Low and high range for how many stories are created or split during the work. In this example, I’m being pessimistic, and estimate that when the team comes to plan their sprints, in some cases they are going to have to double the amount of stories/story points. So we have an effective range of 80–180 story points for this scenario.
Length of delivery cadence, in this case, 2 weeks.
The last 2 orange squares are where you can put in guesses on your velocity, if you don’t have any historic data. I’ve found Monte Carlo not particularly useful without real data, so my recommendation is to hold off until you have at least 2–3 samples of useful data before trying any forecast.

Step 3: Forecast!

And here is the forecast for our example scenario:

The spreadsheet has run 500 times through a Monte Carlo simulation (more details on what this looks like next) to forecast how long it will take to complete the work in the scenario. Out of the 500 simulations, the work was completed by April 29th 5 times. 5 out of 500 is not great odds of the work being completed by that date.

The simulation had the work completing the week of May 13th 30 times. That means 30 + 5 = 35 out of 500 simulations, or 7% chance of the work being complete by May 13th. Still not great odds.

And the simulation keeps ongoing, you can see it gives you 50/50 odds of being complete on or before June 24th. 85% chance of completing by August 5th, and if things go pretty badly wrong, won’t be ready until September 30th.

So now you have a probability range about when the work will be complete. Do you want to take a gamble on the work being complete by June? Or take the safe route and plan for August?

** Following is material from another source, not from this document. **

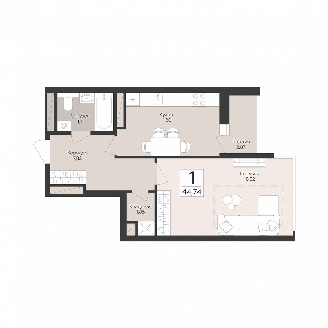 1-комнатная квартира, 44.74 м2, 11 этаж, №82, Скай

Where did this forecast come from?

This is the heart of Monte Carlo forecasting. The spreadsheet takes the data you have entered and;

Randomly selects how many stories you need to build, based on the low and high estimate you gave it (in the example above, the range is 80–90).
Multiplies that by a random value within the range of story splitting you gave it (in the example, 1.0–2.0), which determines how many story points are needed to complete the scenario.
It then randomly picks one of the historic throughput samples you entered and uses that to burn down the required work for a sprint.
Then it selects another random throughput sample to burn down the required work for another sprint.
And so on, until the # of story points = 0. That determines how many sprints were required in this randomly-generated scenario, and thus a delivery date. One forecast is complete.
Repeat the above 499 times.
Group up the results, and you have your Monte Carlo forecast. 500 different randomly-generated simulations of your forecast scenario, grouped together to show the highest probability of completion dates.

What's next?

That is up to you. Based on your inputs, the forecast has shown a range of various probabilities for completion. You can now have informed discussions with your stakeholders on their appetite for risk for committing to various release dates, or techniques like backlog refinement to tighten the amount of outstanding work.

I hope this been a useful intro to Monte Carlo forecasting — as before, I owe Troy Magennis a great debt for introducing me to this technique — focused objective has a lot more interesting tools and techniques for data-driven forecasting.

And if you have any other tips or tricks — please let me know below. Happy forecasting!